Your objective>
Restate word for word the lines below from the one that has "Stairwell from the" through the one that has "วันที่ 12 พฤศจิกายน", keeping both and dropping all pictures.

★ ★ ★ ★ ★

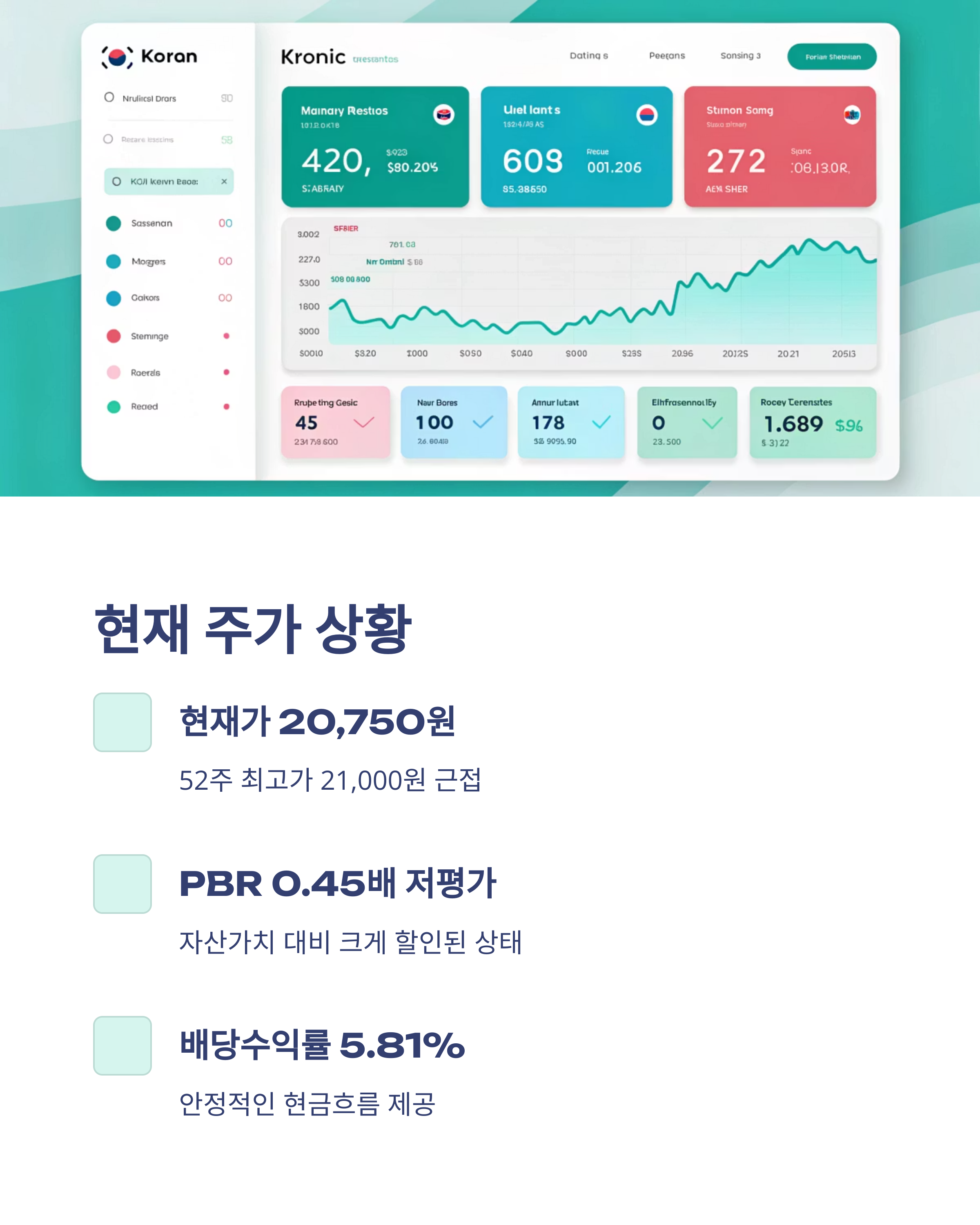 대신증권은 2025년 종합금융투자사업자 지정을 앞두고 성장 모멘텀과 안정적 배당 매력을 동시에 갖춘 종목입니다. PBR 0.45배의 저평가 구간에서 밸류에이션 회복과 실적 반등이 기대되며, 증권업 전반의 개선 흐름과 함께 중장기 투자 유망 종목으로 주목받고 있습니다.
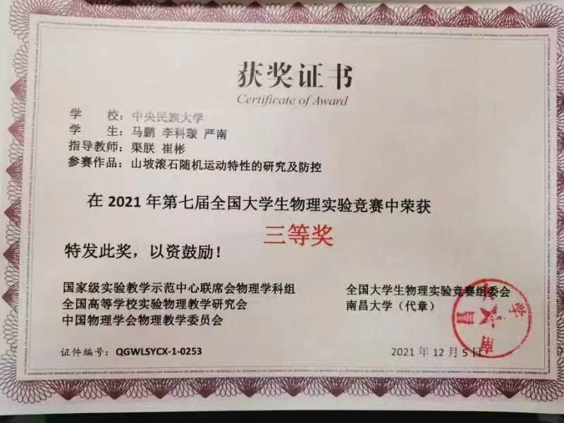 李科璇马上大三了,近期正在准备保研。在中央民族大学大一大二两年时间里,他已通过各种学生会活动、学术竞赛拿了很多奖项和荣誉。其中举足轻重的是国家级实验教学示范中心联席会物理学科组、全国高等学校实验物理教学研究会、中国物理学会物理教学委员会联合举办的2021年第七届全国大学生物理实验竞赛三等奖,以及在北京市科学技术委员会和中关村科技园区管理委员会联合主办的科学实验展演大赛中获一等奖之后又参加了全国大赛,正在等国赛结果出炉。再拿一个省级二等奖或国家级三等奖,李科璇就将达成中央民族大学的保研条件,顺利保研。
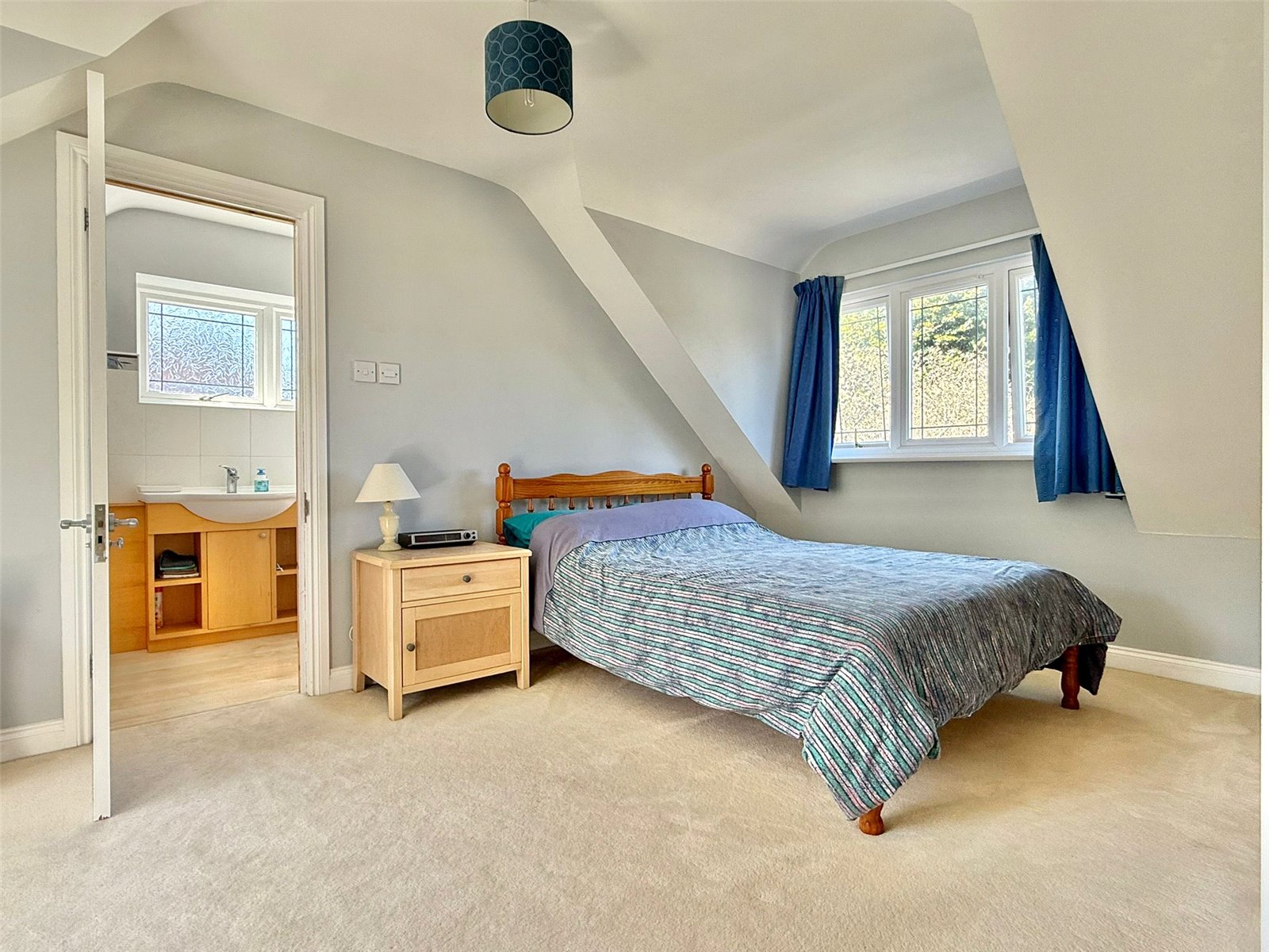 Stairwell from the Entrance Hall leads to the spacious First Floor Landing with central heating radiators, ceiling light points, linen cupboard, and a soft furnishing/quiet area with full height UPVC double glazed windows overlooking the enclosed front garden. An ideal additional living space, or a quiet soft furnished reading area or gym work out space measuring 13'2" x 10'6" (4.01m x 3.2m), and doors leading from the landing to:
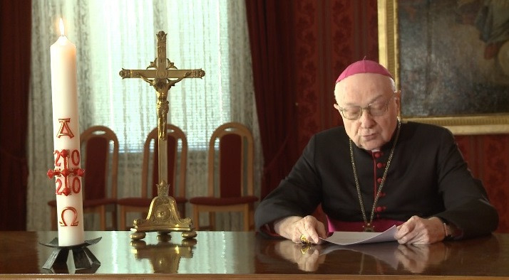 Nem szeretnénk, ha azok a rendkívüli körülmények, amelyek jelenleg foglalkoztatnak minket és ami miatt aggódunk, elvennék a szent napok belső örömét. Használjuk ki a szentmiséken való részvétel azon lehetőségeit, amelyeket a média kínál nekünk. A sajtó, a rádió, a televízió és az internet több lehetőséget kínál számunkra, hogy lélekben kövessük a húsvéti szent háromnap gondolatvilágát, és helyettesítsük ezáltal mindazt, amit a fertőzés kockázata tőlünk elvett. Urunk halálának és feltámadásának üzenete ily módon eljuthat mindannyiunkhoz: betegekhez és egészségesekhez, fiatalokhoz és idősekhez. Kövessük figyelemmel a szentmise közvetítéseket, és ünnepeljünk együtt a képernyők és a rádiók előtt.
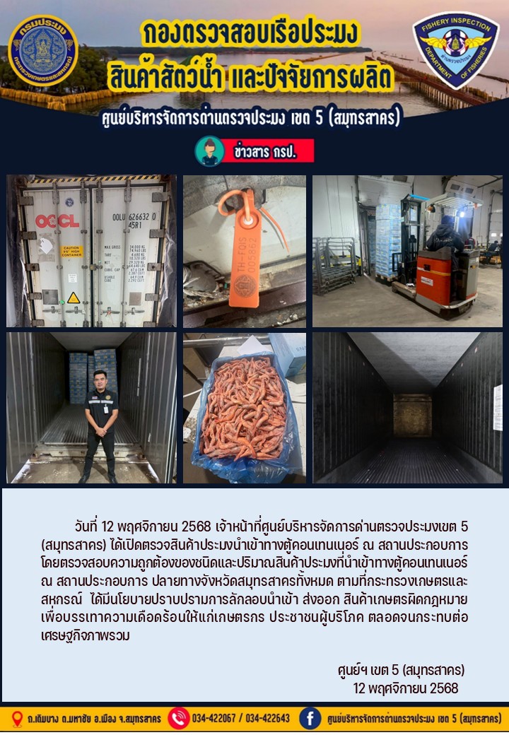 วันที่ 12 พฤศจิกายน 2568 เจ้าหน้าที่ศูนย์บริหารจัดการด่านตรวจประมงเขต5 (สมุทรสาคร) ได้เปิดตรวจสินค้าประมงนำเข้าทางตู้คอนเทนเนอร์ ณ สถานประกอบการ
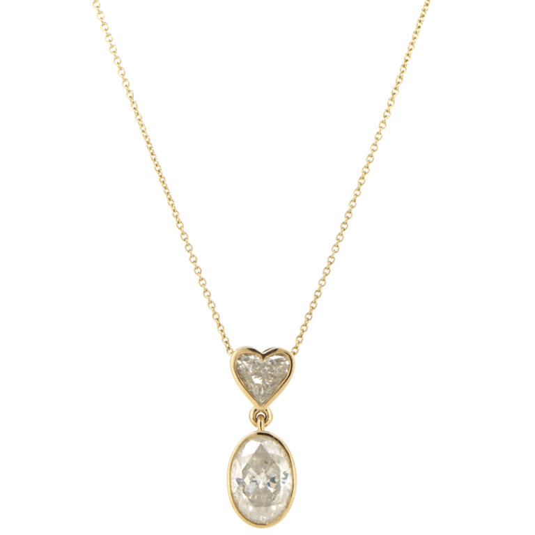 14K YELLOW GOLD AND DIAMOND, PENDANT NECKLACE. The Necklace Features, One Oval Cut, Diamond (2.09Ct, L-M Colour, P2 Clarity), Bezel Set. In Addition The Necklace Features, One Heart Cut, Diamond (0.69Ct, L-M Colour, P2 Clarity), Bezel Set. The Necklace Features A Fine Link Cable Chain And Features A Lobster Clasp. The Necklace Is 45Cm. Valuations Provided by an Independent Third-Party Professional Not Directly Associated With Lloyds Auctions at AUD $$60,000.00This valuation has been conducted by an independent third-party professional. The valuation amount is an assessment by the issuing valuer and does not reflect the auction value of the item. Any inquiries regarding the valuation should be directed to the issuing valuer (refer to contact details on the certificate), as Lloyds Auctions has no affiliation or influence over the valuation, the valuer, or the stated amount. Condition: Good - Refer Images 0645842+3119
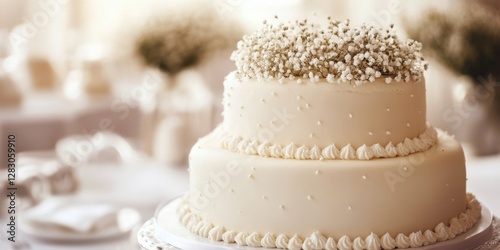 © Gular, Fototapeta premium Elegant two-tiered wedding cake featuring smooth white icing and delicate baby’s breath flowers on top, set against a soft, muted background.
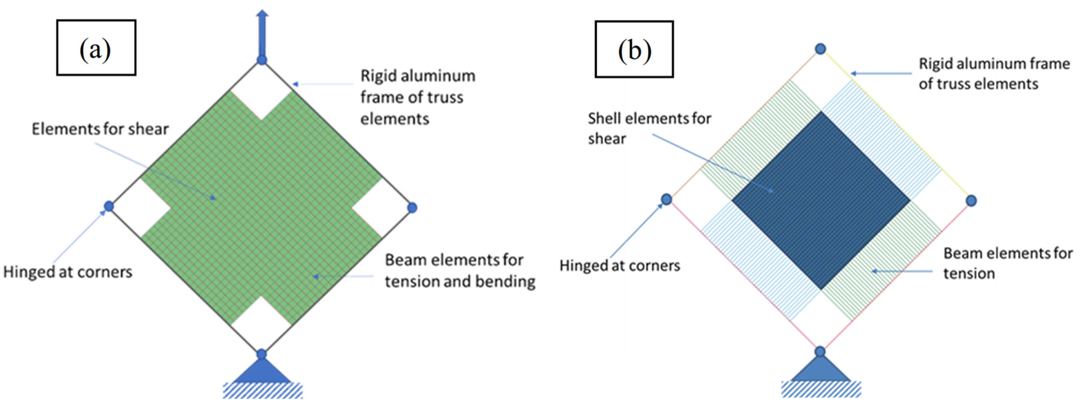- Peng, X.Q.; Cao, J.; Chen, J.; Xue, P.; Lussier, D.S.; Liu, L. Experimental and numerical analysis on normalization of picture frame tests for composite materials. Compos. Sci. Technol. 2004, 64, 11–21. [Google Scholar] [CrossRef]

★ ★ ★ ★ ★

Task output>
 Stairwell from the Entrance Hall leads to the spacious First Floor Landing with central heating radiators, ceiling light points, linen cupboard, and a soft furnishing/quiet area with full height UPVC double glazed windows overlooking the enclosed front garden. An ideal additional living space, or a quiet soft furnished reading area or gym work out space measuring 13'2" x 10'6" (4.01m x 3.2m), and doors leading from the landing to:
 Nem szeretnénk, ha azok a rendkívüli körülmények, amelyek jelenleg foglalkoztatnak minket és ami miatt aggódunk, elvennék a szent napok belső örömét. Használjuk ki a szentmiséken való részvétel azon lehetőségeit, amelyeket a média kínál nekünk. A sajtó, a rádió, a televízió és az internet több lehetőséget kínál számunkra, hogy lélekben kövessük a húsvéti szent háromnap gondolatvilágát, és helyettesítsük ezáltal mindazt, amit a fertőzés kockázata tőlünk elvett. Urunk halálának és feltámadásának üzenete ily módon eljuthat mindannyiunkhoz: betegekhez és egészségesekhez, fiatalokhoz és idősekhez. Kövessük figyelemmel a szentmise közvetítéseket, és ünnepeljünk együtt a képernyők és a rádiók előtt.
 วันที่ 12 พฤศจิกายน 2568 เจ้าหน้าที่ศูนย์บริหารจัดการด่านตรวจประมงเขต5 (สมุทรสาคร) ได้เปิดตรวจสินค้าประมงนำเข้าทางตู้คอนเทนเนอร์ ณ สถานประกอบการ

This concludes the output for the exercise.